:: What to do ::
Only the lines below from the one containing "Aus an der HfWU" through the last line should be set down, exactly as written and with no pictures.

:: Data records ::
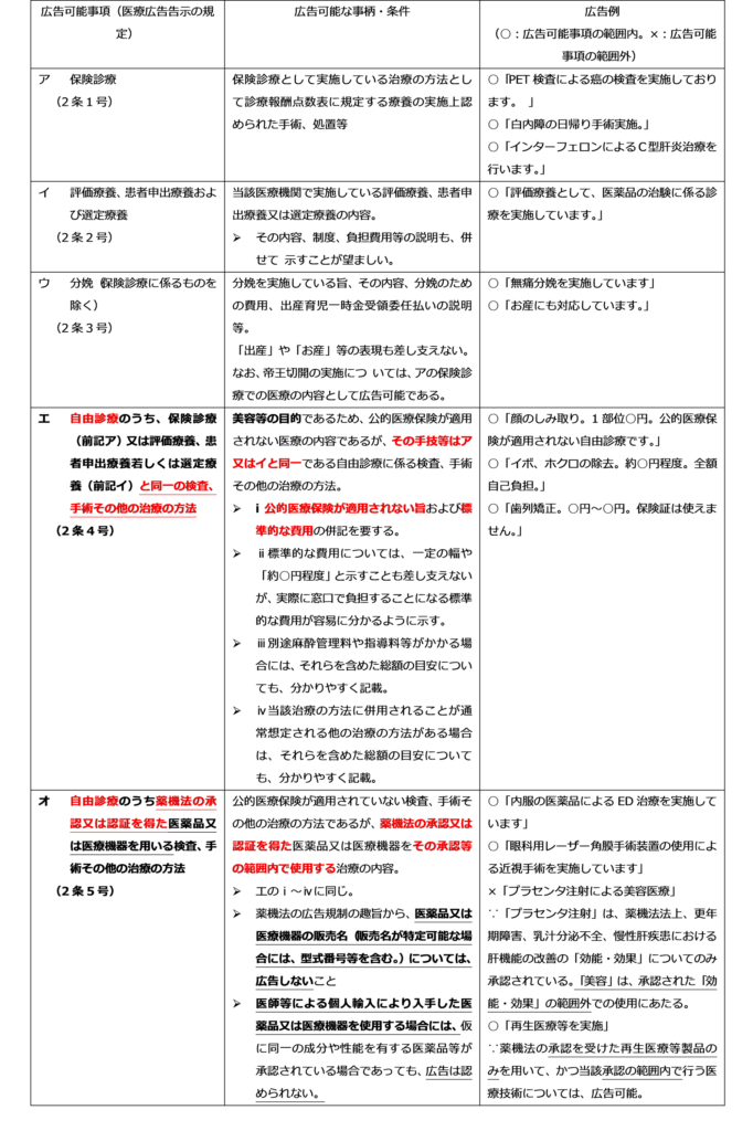 厚生労働大臣が定めた医療広告告示2条は、従前から、①検査、手術その他の治療方法については、5つの事項を広告可能事項として限定列挙しており、改正によってもこの内容は変わりません。5つの広告可能事項について、それぞれの広告可能な事柄や条件等をまとめると、次の表のとおりです。
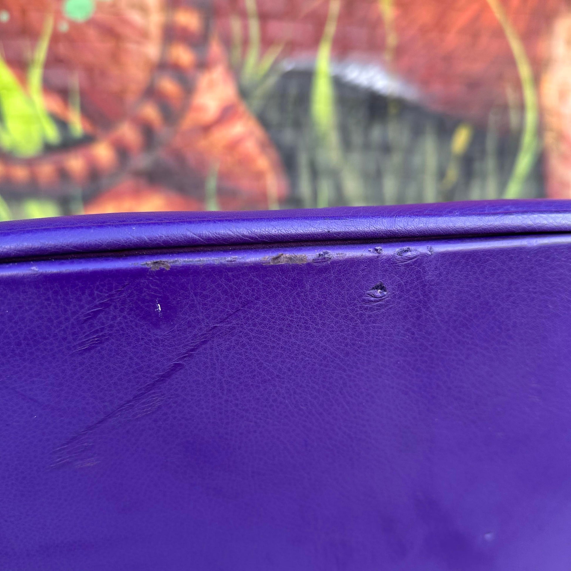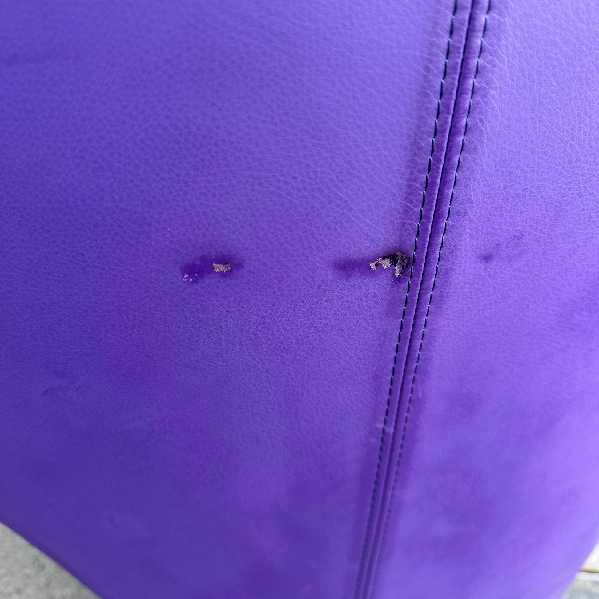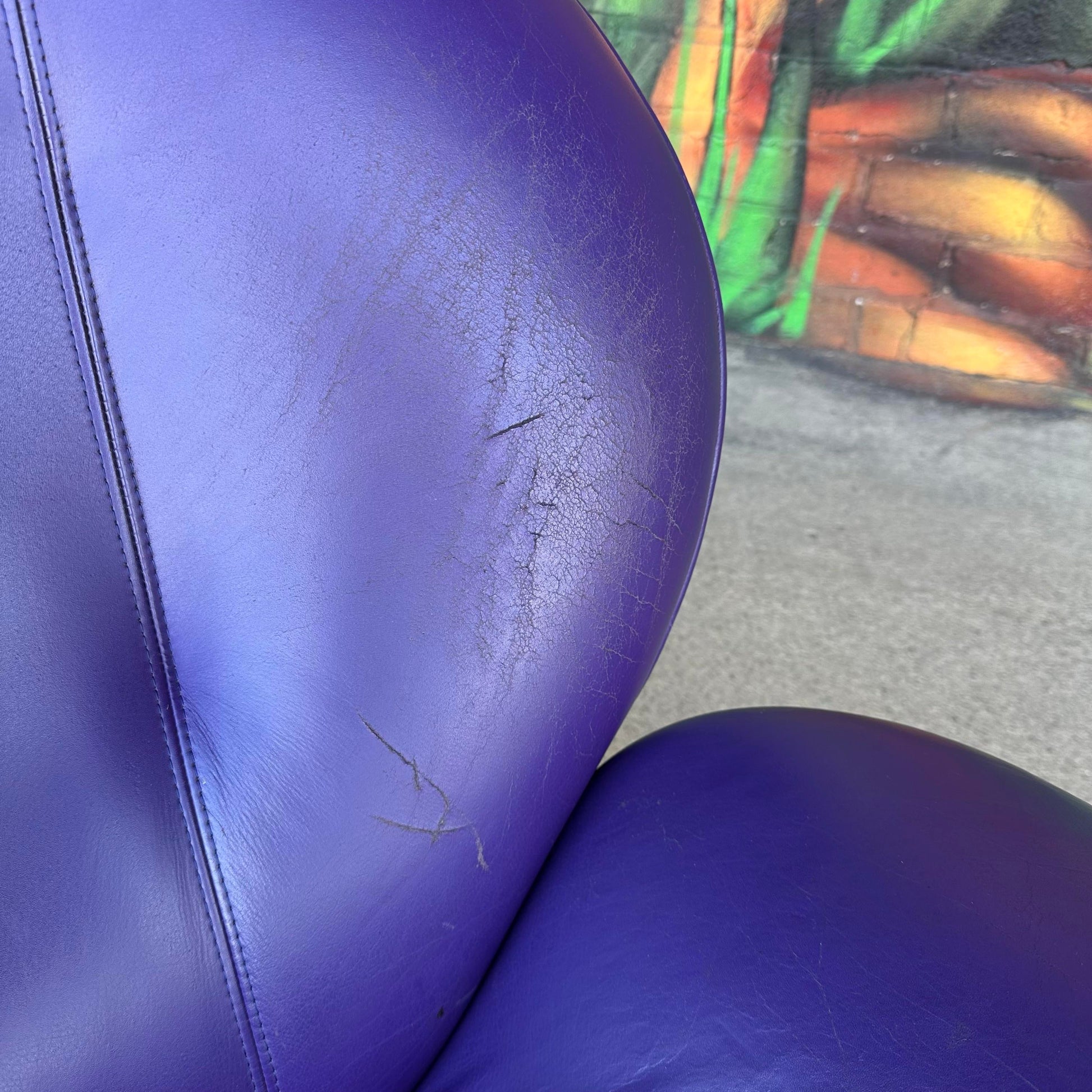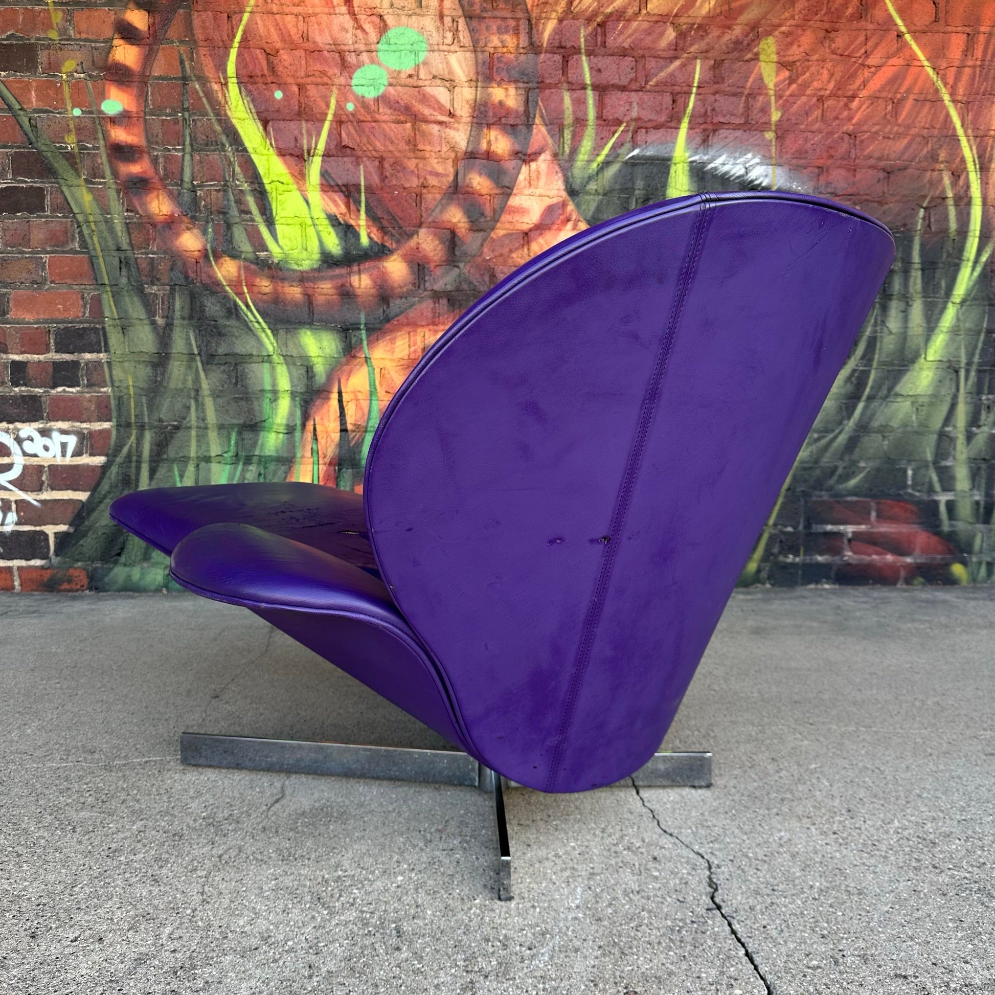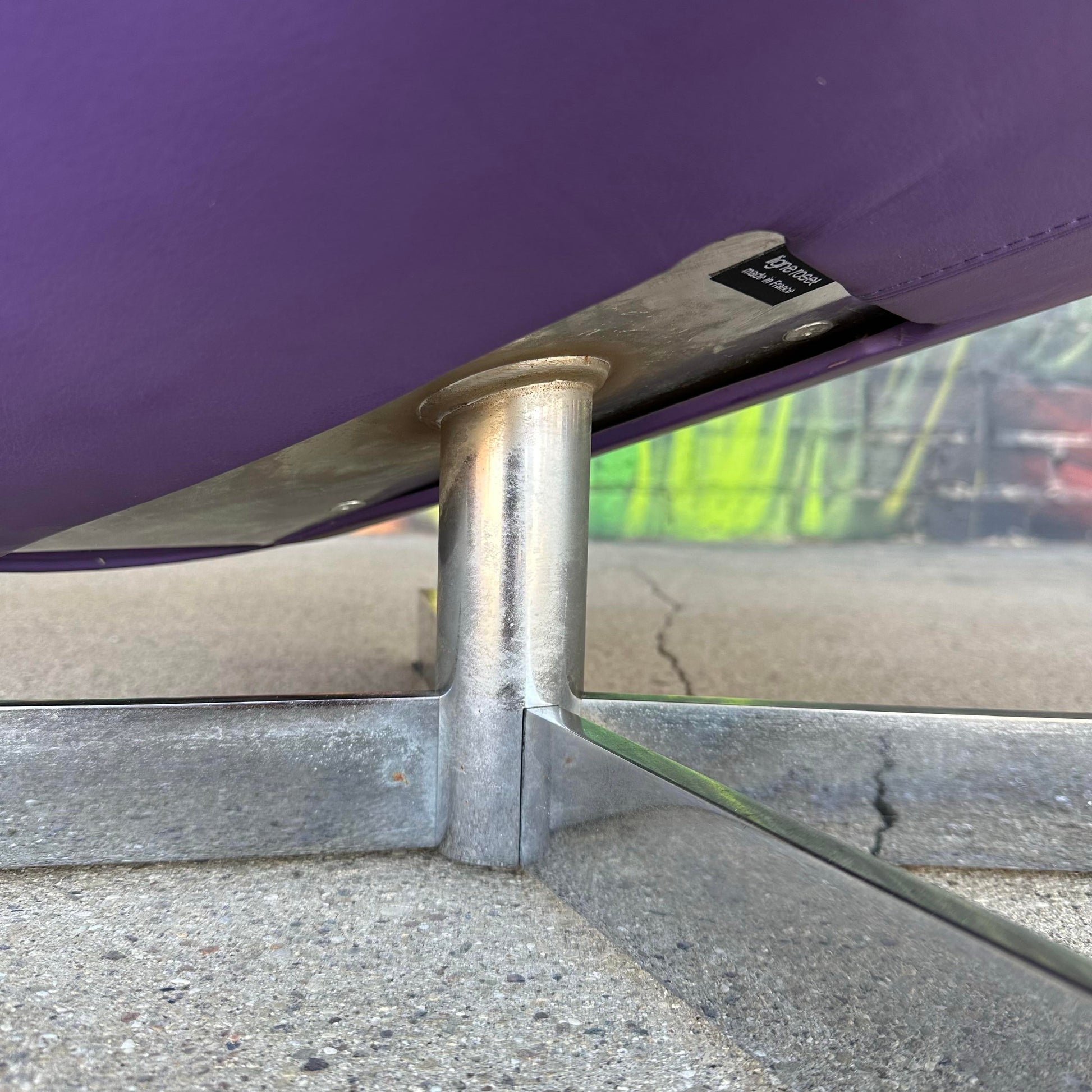 Lounge chair by Ligne Roset featuring purple leather and chrome base.
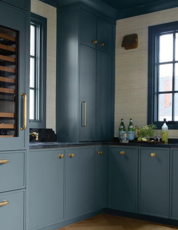 Only a single wall was demolished during the renovation, the one between the kitchen and the pantry. The newly opened area still holds plenty of storage, but also serves as additional space for entertaining. The Allens host family and friends often, so Meyers incorporated a dedicated bar area with a built-in wine cooler, refrigerator drawers, an ice machine and a sink. Here, she drenched all the cabinetry, trim and ceiling with the same dramatic paint color as the kitchen and lined the walls with a textured Phillip Jeffries wallpaper that was another early selection in the planning process. “Allison loved this paper, so it became a starting point for the aesthetic in here,” she explains.
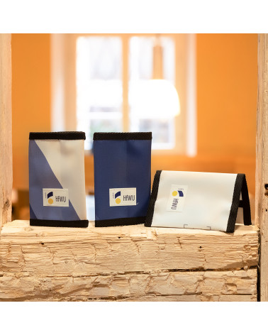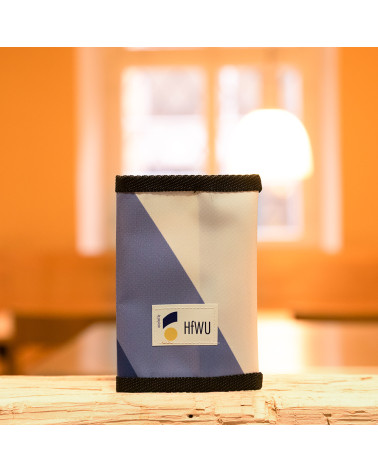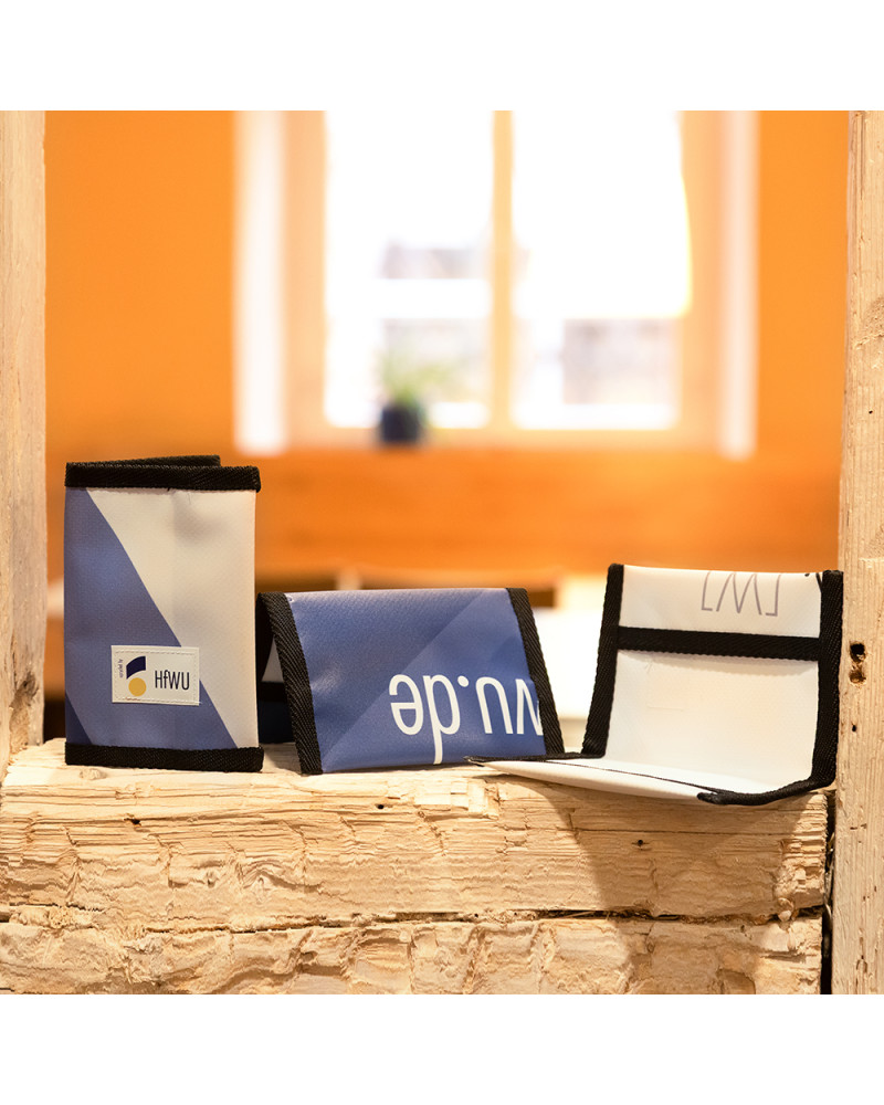Aus an der HfWU gebrauchten Roll-ups recycelt und von einer integrativen Maßnahme in Süddeutschland genäht.
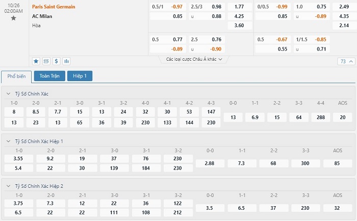 Xem tỷ lệ kèo cá cược bóng đá trực tuyến   Paris SG vs AC Milan
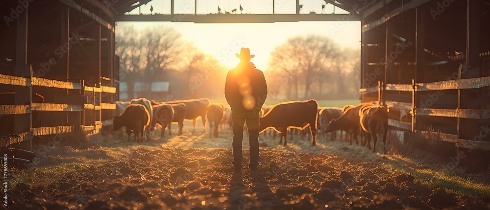 Plakat Farma - Cows in stables being fed by worker in cattle farm barn. Concept Livestock feeding, Cattle... #779655008
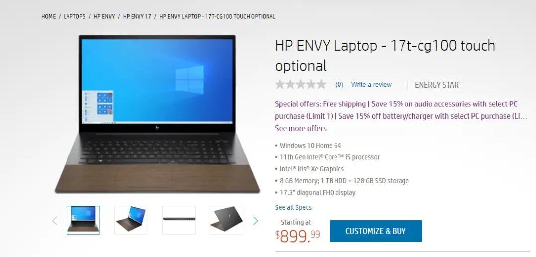 惠普美国官网现已上架了 ENVY 17 笔记本,搭载 11 代酷睿处理器,配备了木制掌托。
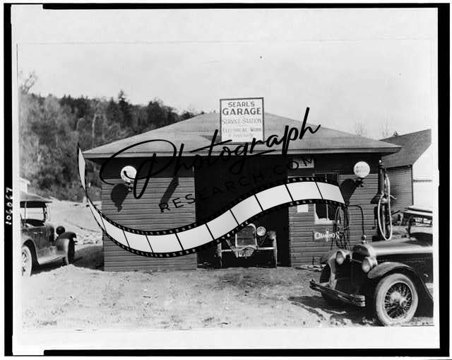Searl's garage,service station,automobiles,cars,buildings,Inlet,New York,NY,1910

:: Answer to this exercise ::
Aus an der HfWU gebrauchten Roll-ups recycelt und von einer integrativen Maßnahme in Süddeutschland genäht.
 Xem tỷ lệ kèo cá cược bóng đá trực tuyến   Paris SG vs AC Milan
 Plakat Farma - Cows in stables being fed by worker in cattle farm barn. Concept Livestock feeding, Cattle... #779655008
 惠普美国官网现已上架了 ENVY 17 笔记本,搭载 11 代酷睿处理器,配备了木制掌托。
Searl's garage,service station,automobiles,cars,buildings,Inlet,New York,NY,1910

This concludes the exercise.